§ **YOUR TASK**: Would you please output, word for word, the span of the listing below that opens on the line containing "Thomas Edison Placing" and closes on the line containing "The door between"? Include both ends and nothing more.

§ **DATA FOR THE TASK**:

——————

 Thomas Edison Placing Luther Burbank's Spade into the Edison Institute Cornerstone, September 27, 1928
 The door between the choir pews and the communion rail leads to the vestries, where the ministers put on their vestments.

——————

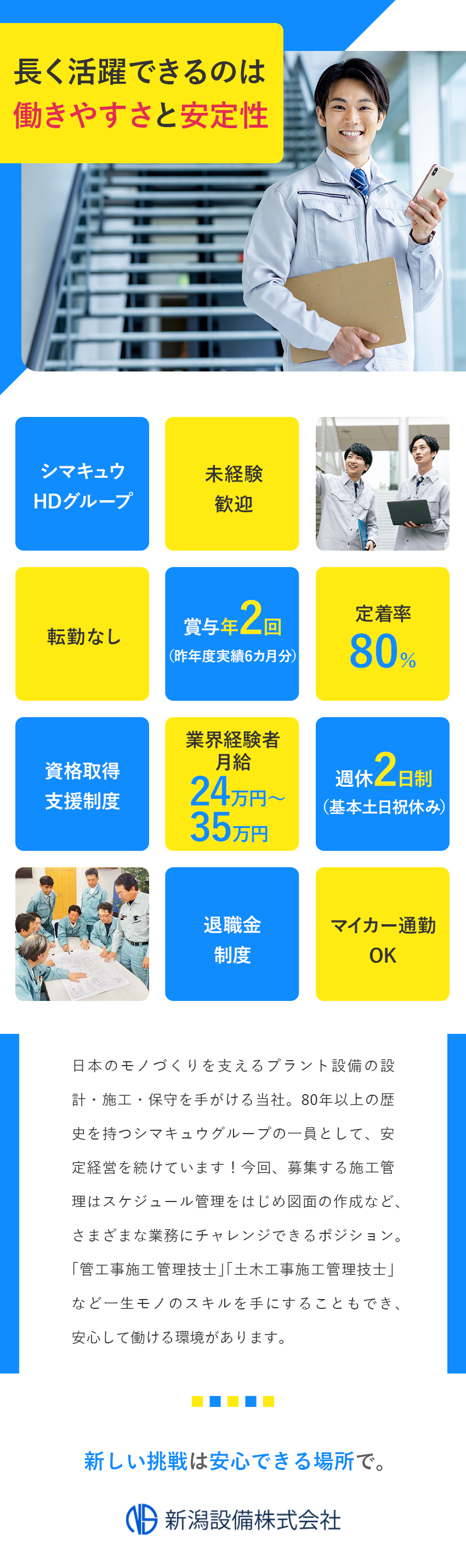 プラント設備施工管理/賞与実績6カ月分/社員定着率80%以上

——————

§ **SOLUTION**:
 Thomas Edison Placing Luther Burbank's Spade into the Edison Institute Cornerstone, September 27, 1928
 The door between the choir pews and the communion rail leads to the vestries, where the ministers put on their vestments.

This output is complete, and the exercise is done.